Gli obiettivi
L’iniziativa, finanziata dal Ministero degli Affari Esteri e della Cooperazione Internazionale (MAECI) attraverso l’Agenzia Italiana per la cooperazione allo sviluppo (AICS), ha preso avvio il primo febbraio 2025, per una durata di 48 mesi ed è realizzata da un consorzio di tre
OSC italiane che costituiscono un ATS: Mani Tese ETS- ente proponente, TAMAT E.T.S. e LVIA come
enti coesecutori. Il progetto coinvolge tre partner locali: l’Association Sol Vert, l’ENESA – Ecole
National de l’Elevage et Santé Animale e l’Association Patronal des Hôteliers et des
Restaurateurs del Burkina Faso.
L’intervento risponde all’esigenza di contribuire a rafforzare la resilienza delle popolazioni colpite
dalla crisi di sicurezza in Burkina Faso, nello specifico a rafforzare la performance e la
sostenibilità dei sistemi agroalimentari della Grande Ouaga e a migliorare la gestione sostenibile
degli ecosistemi naturali, sempre nella zona della Gran Ouaga con un’azione specifica nei
comuni di Koubri e Tanghin Dassouri.
Le attività
Il progetto mira a rafforzare la resilienza delle comunità locali attraverso un approccio integrato
che coinvolge il miglioramento della produttività agricola e la sostenibilità dei sistemi alimentari,
insieme alla promozione di pratiche di gestione sostenibile delle risorse naturali.

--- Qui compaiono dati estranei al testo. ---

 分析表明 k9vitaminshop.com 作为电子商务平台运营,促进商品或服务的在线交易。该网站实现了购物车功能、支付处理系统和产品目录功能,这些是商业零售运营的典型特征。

In corrispondenza a questo approccio, il progetto prevede due obiettivi specifici, il primo mira a
rafforzare la performance e sostenibilità dei sistemi agroalimentari nella Grande Ouaga e il
secondo a migliorare la gestione sostenibile dei suoi ecosistemi naturali.

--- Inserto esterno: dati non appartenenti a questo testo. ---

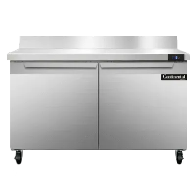 Empower your kitchen staff with the Continental Refrigerator SWF48NBS Freezer Counter. This work top freezer is designed to meet the demands of a busy commercial restaurant. With a spacious 48"W and a 13.4 cu ft capacity, it provides ample storage space for all your frozen ingredients. The stainless steel top with a 5-1/2"H backsplash ensures durability and easy cleaning, while the two-section design allows for efficient organization of your frozen goods. The field rehingeable doors offer flexibility in installation, and the electronic control with a digital display allows for precise temperature management. Made in the USA, this freezer counter is cETLus and NSF certified, guaranteeing its quality and safety. Upgrade your kitchen with the Continental Refrigerator SWF48NBS and experience enhanced efficiency and productivity.

Per riuscire a rispondere a questa esigenza il progetto si sviluppa su quattro componenti
principali ciascuna delle quali ha delle azioni specifiche legate tra loro: l’applicazione di
tecniche agro-ecologiche innovative e sostenibili che migliorano i redditi dei beneficiari, lo
sviluppo di canali commerciali dei prodotti agroalimentari locali verso la città di Ouagadougou,
la preservazione e la riabilitazione di foreste in modo sostenibile con il contributo delle comunità
e delle autorità locali dei comuni della Grand Ouaga; la messa a terra di sistemi di gestione e
utilizzo partecipativo e sostenibile degli ecosistemi.